[Collected data]
BEGIN

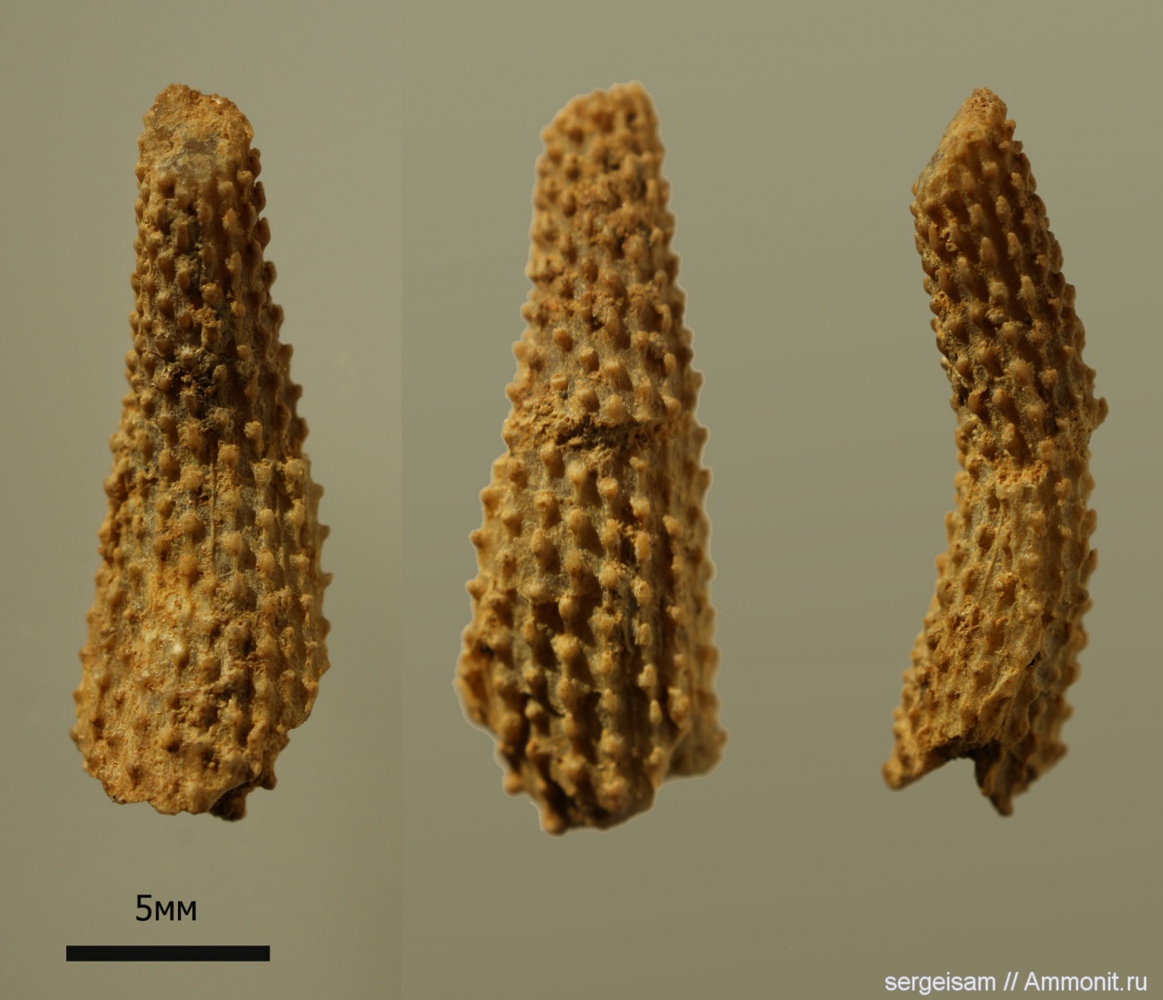 Этот обломок иглы морского ежа найден в Гжели, в районе стратотипа.
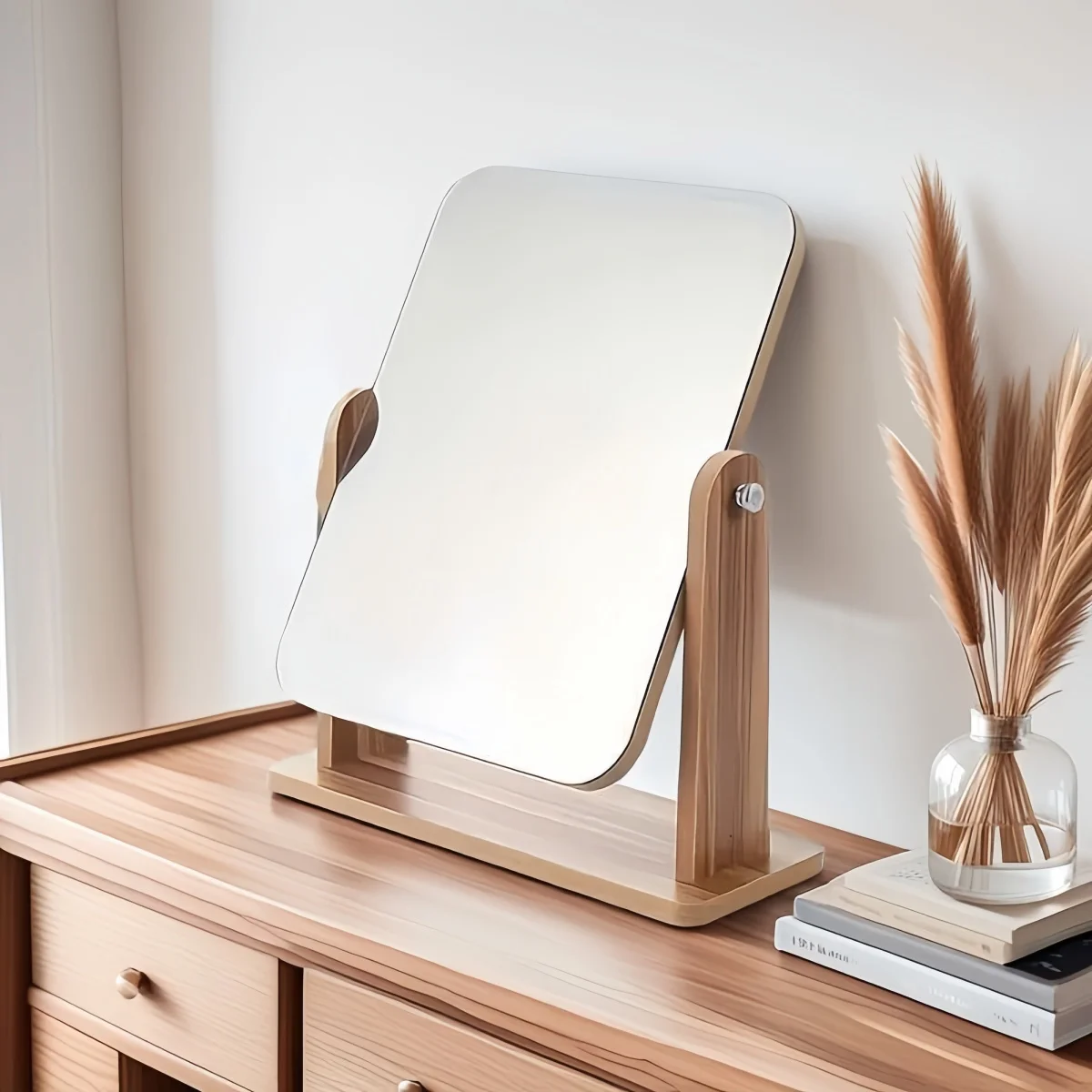 Miroir de maquillage de bureau en bois en option réglable à 360 degrés miroir d...
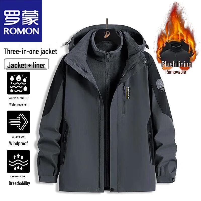 ROMON Men's 3-in-1 Autumn Winter Windbreaker Jacket
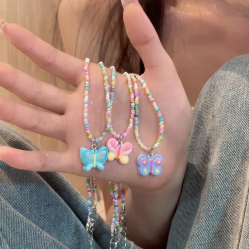 Verschiedene Mädchen farbige Schmetterling Perlenkette weiblich süß Kinder Sommer niedlich Cartoon Schlüsselbein Kette Trend
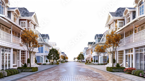 Naklejka premium A photorealistic street view of row houses on a brick road.
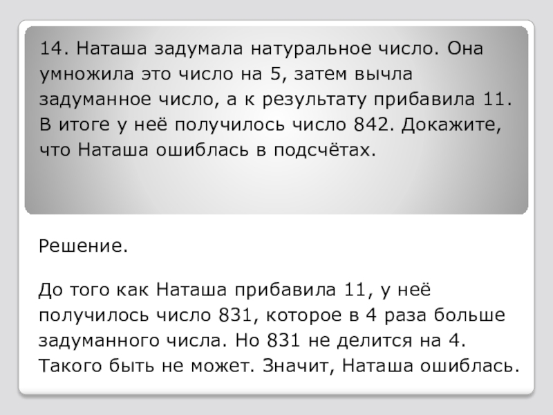 До того как Наташа прибавила 11, у неё получилось число 831, которое в 4 раза больше задуманного числа. Но 831 не делится на 4. Такого быть не может. Значит, Наташа ошиблась.
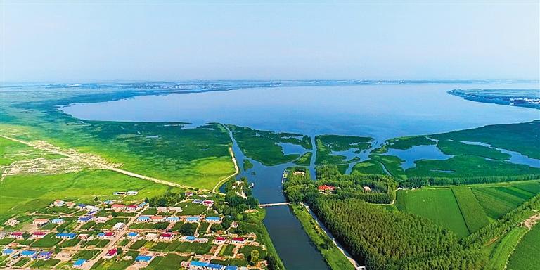 ◀位于松原市的查干湖碧波荡漾,生机盎然。多年来,松原市坚持保护与发展并重、生态与旅游并举,形成了独特的文化生态旅游融合发展新业态。

END

Begin with the first line of the entries above and write out each line exactly, ending with the line containing "ROMON Men's 3-in-1". Leave out pictures.

 Этот обломок иглы морского ежа найден в Гжели, в районе стратотипа.
 Miroir de maquillage de bureau en bois en option réglable à 360 degrés miroir d...
 ROMON Men's 3-in-1 Autumn Winter Windbreaker Jacket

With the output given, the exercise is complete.